Dataset items:
━━━━━━━━

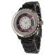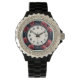 時計の文字盤を黒と赤のバラが囲み、宝石ケースに入った黒の腕時計
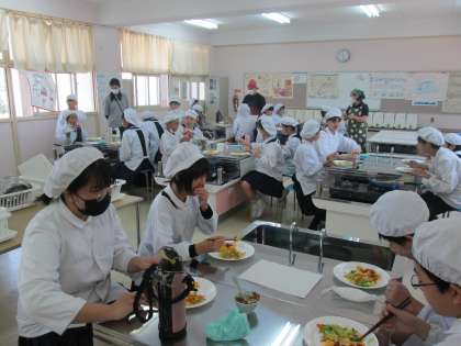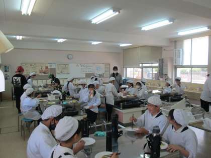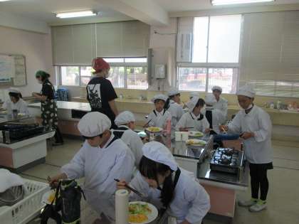 でも、食べ終わったらそこで終わりではありません。片付けがあります。でもさすが6年生。調理している間に手が空いた人が使い終わった食器を洗っていたため、最後の片付けも短時間で済みました。家庭科の先生も「6年生は手際がいい!!」と褒めていましたよ。
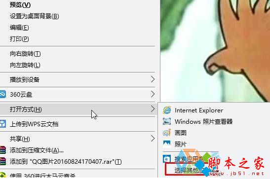 6、在图片上单击右键,选择“打开方式”—“选择其他应用”;
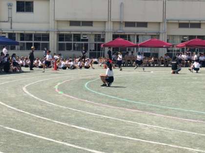 80M走は、1.2レースのみ実施します。予行とはいえ、みんな真剣です。
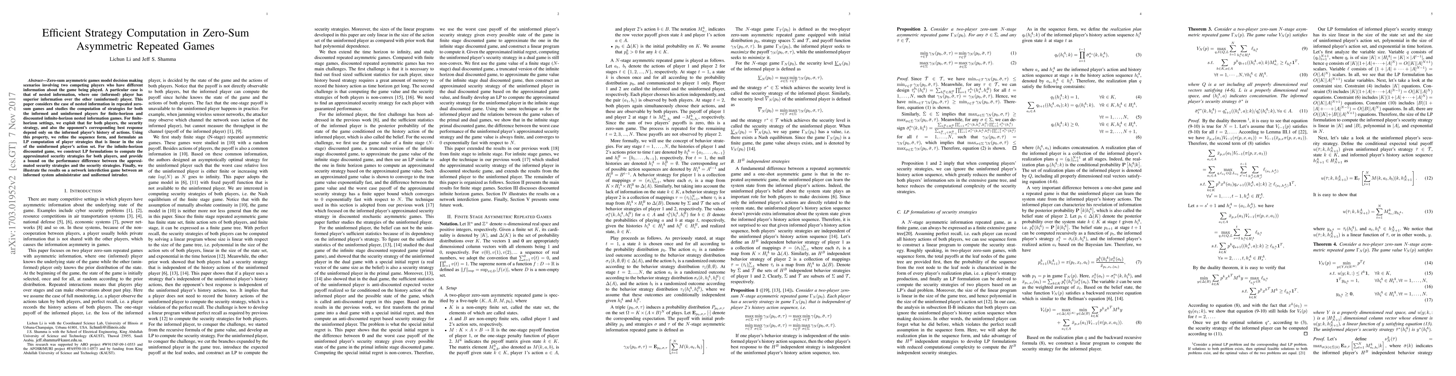 This paper develops efficient strategies for computing optimal strategies in zero-sum asymmetric repeated games with nested information, proposing linear programming formulations for both finite-horizon and discounted infinite-horizon scenarios, and demonstrating the approach through a network interdiction game.
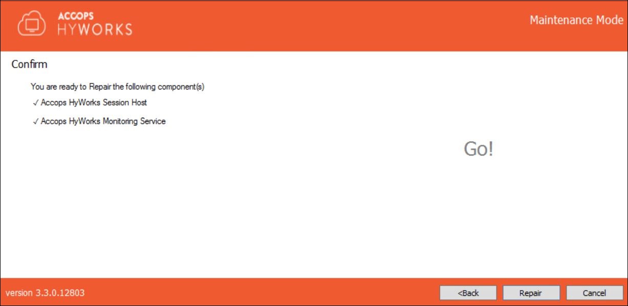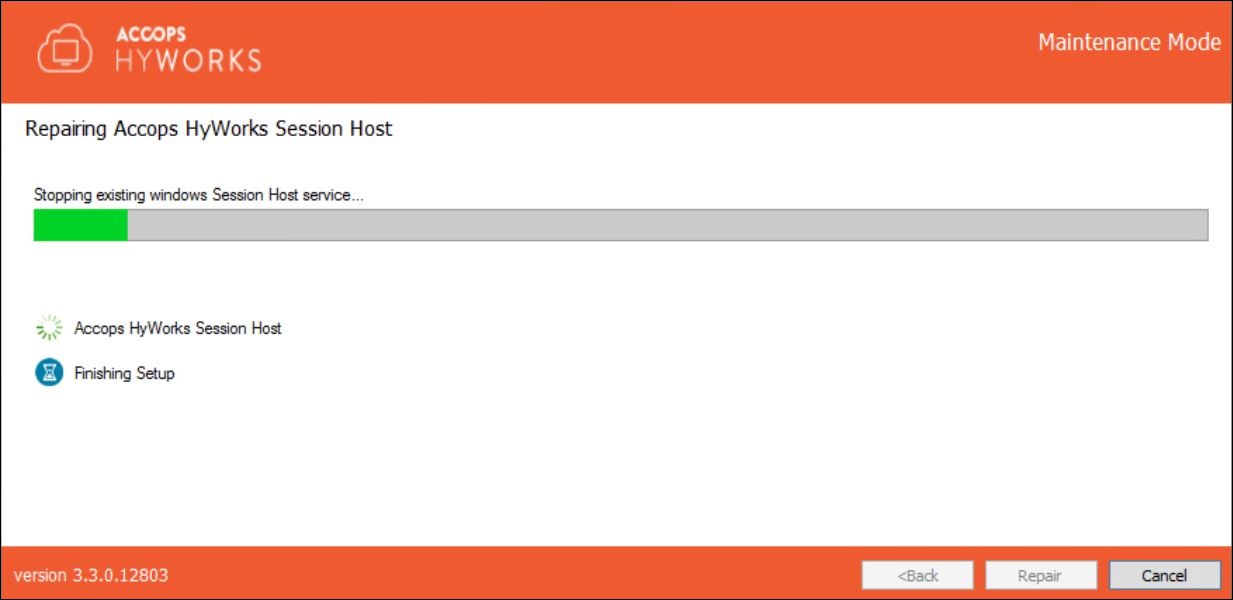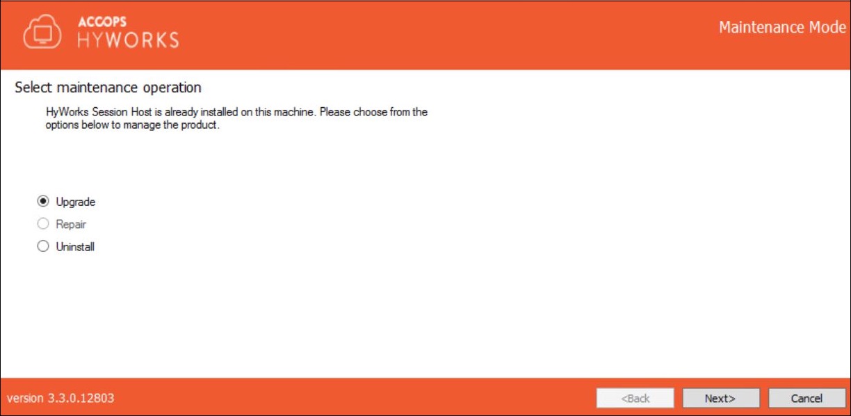 HyWorks Session Host Server Installation wizard will open in the Maintenance mode.
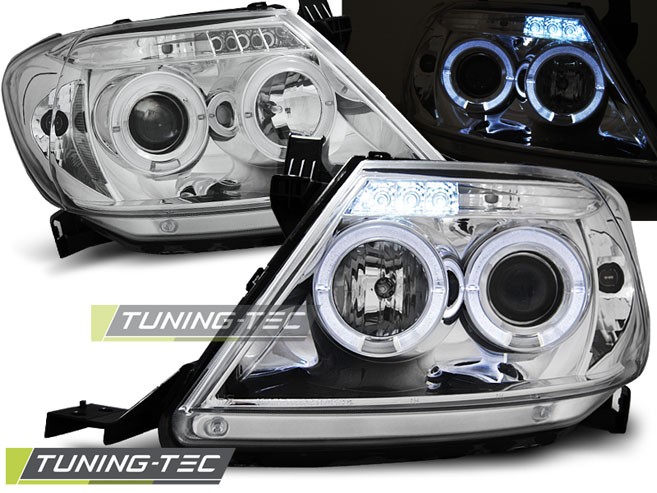 Cena za 2ks – pár. Přední světla, okořeněna o takzvané andělské kroužky, svítící okolo parabol a sloužící jako parkovací světlo. Efekt rozsvícených očí. Určeno pro vývoz do USA, nemají homologační E. Dopřejte svému vozu neobyčejný nový design pouhým přehozením za seriové světla. Manuální naklánění sklonu světel. 2x svítící kroužek v každém světle. Žárovky H1 tlumené. + H1 dálkové (v ceně). Parkovací = kroužky. Blinkr - 21W.
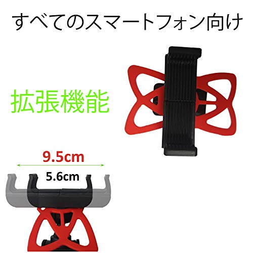 スマホの4隅に固定出来るシリコン製のバンドが付いていて、すべてのスマホを取り付け出来るように5.6cm幅〜9.5cm幅まで自在に変えられる拡張機能が備わっている自転車用のスマホホルダーになります。
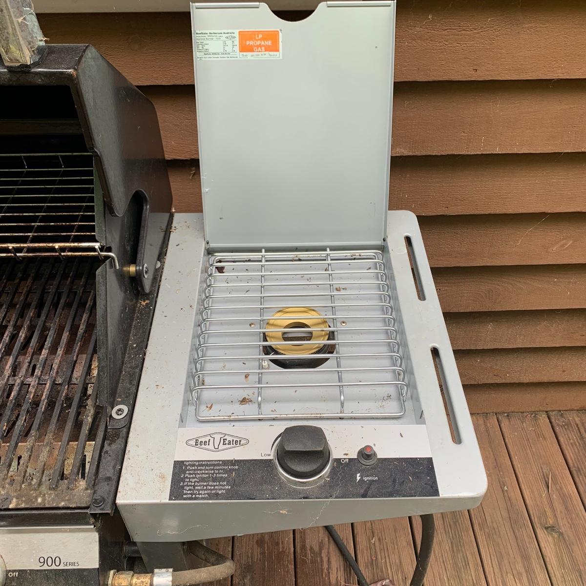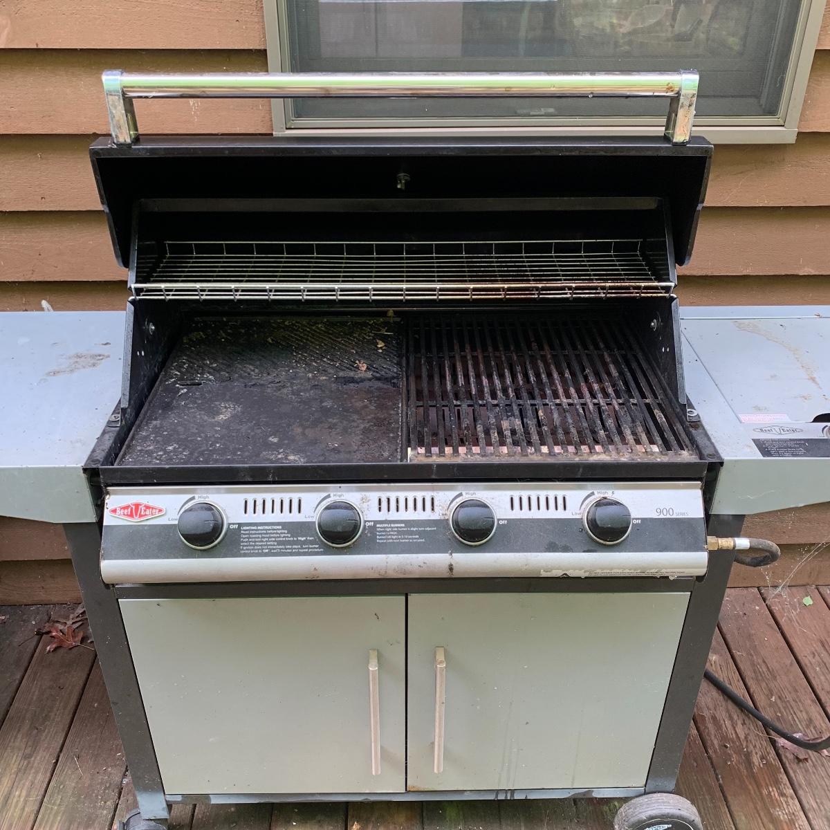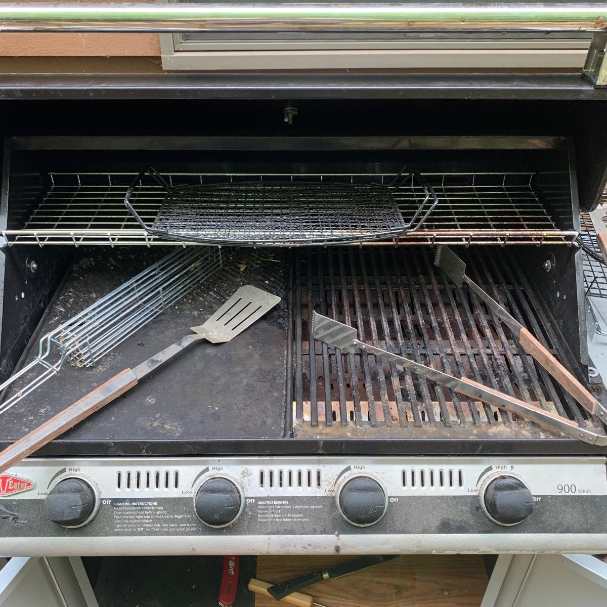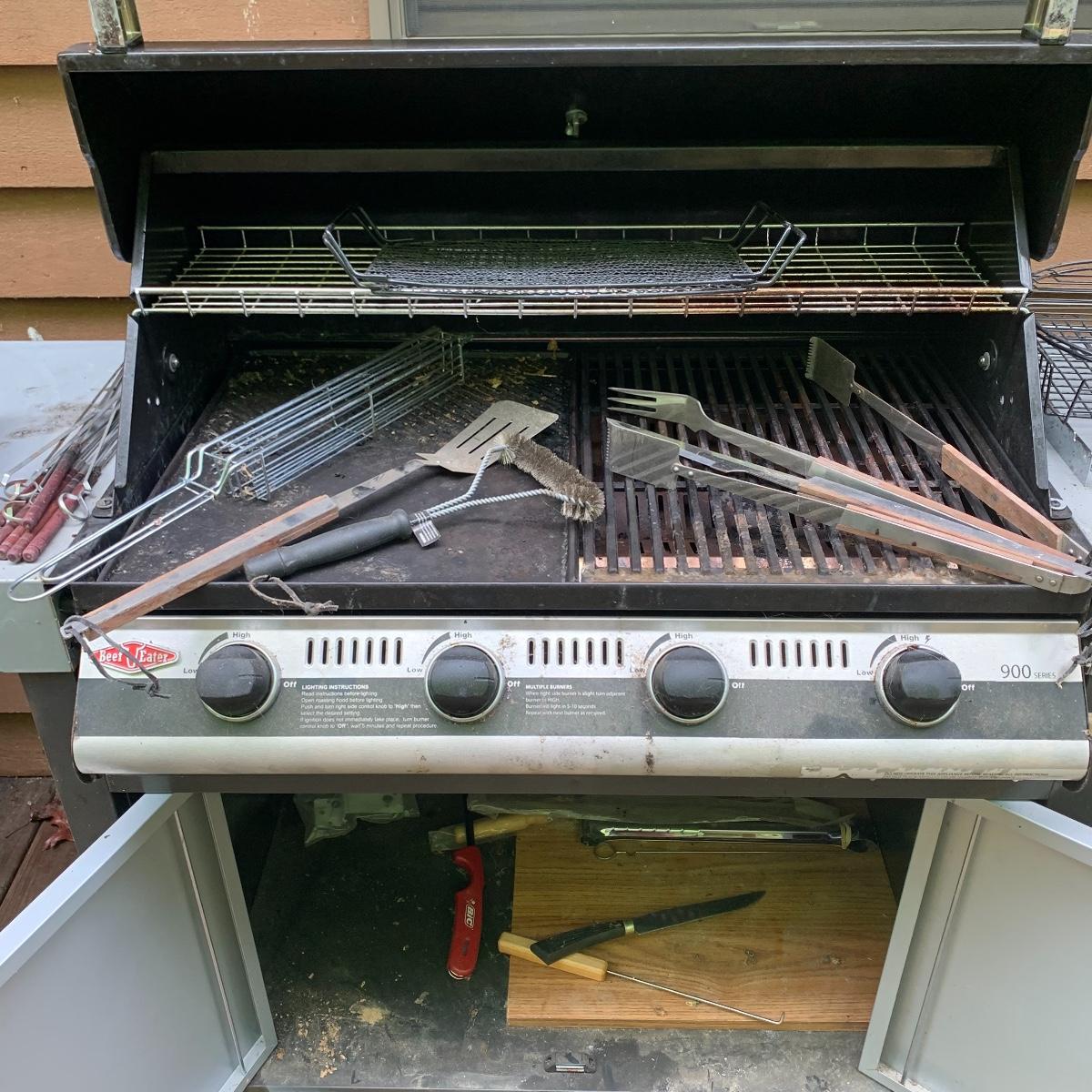 Feed the masses with this versatile Beef Eater gas grill. This is the 900 series and features a griddle, a grill, bun warming rack, food warming deck/ side grill, side table, and electric ignition. There is also ample storage found behind double doors under the grill top. This lot also features numerous grilling tools including spatulas, scrapers, several grill racks, metal kabob skewers, a bbq mop and more. There are also two bbq books by Steven Raichen full of great recipes. Local pickup only.

━━━━━━━━

Reproduce all entries without any change, and omit the pictures.

Result
 時計の文字盤を黒と赤のバラが囲み、宝石ケースに入った黒の腕時計
 でも、食べ終わったらそこで終わりではありません。片付けがあります。でもさすが6年生。調理している間に手が空いた人が使い終わった食器を洗っていたため、最後の片付けも短時間で済みました。家庭科の先生も「6年生は手際がいい!!」と褒めていましたよ。
 6、在图片上单击右键,选择“打开方式”—“选择其他应用”;
 80M走は、1.2レースのみ実施します。予行とはいえ、みんな真剣です。
 This paper develops efficient strategies for computing optimal strategies in zero-sum asymmetric repeated games with nested information, proposing linear programming formulations for both finite-horizon and discounted infinite-horizon scenarios, and demonstrating the approach through a network interdiction game.
 HyWorks Session Host Server Installation wizard will open in the Maintenance mode.
 Cena za 2ks – pár. Přední světla, okořeněna o takzvané andělské kroužky, svítící okolo parabol a sloužící jako parkovací světlo. Efekt rozsvícených očí. Určeno pro vývoz do USA, nemají homologační E. Dopřejte svému vozu neobyčejný nový design pouhým přehozením za seriové světla. Manuální naklánění sklonu světel. 2x svítící kroužek v každém světle. Žárovky H1 tlumené. + H1 dálkové (v ceně). Parkovací = kroužky. Blinkr - 21W.
 スマホの4隅に固定出来るシリコン製のバンドが付いていて、すべてのスマホを取り付け出来るように5.6cm幅〜9.5cm幅まで自在に変えられる拡張機能が備わっている自転車用のスマホホルダーになります。
 Feed the masses with this versatile Beef Eater gas grill. This is the 900 series and features a griddle, a grill, bun warming rack, food warming deck/ side grill, side table, and electric ignition. There is also ample storage found behind double doors under the grill top. This lot also features numerous grilling tools including spatulas, scrapers, several grill racks, metal kabob skewers, a bbq mop and more. There are also two bbq books by Steven Raichen full of great recipes. Local pickup only.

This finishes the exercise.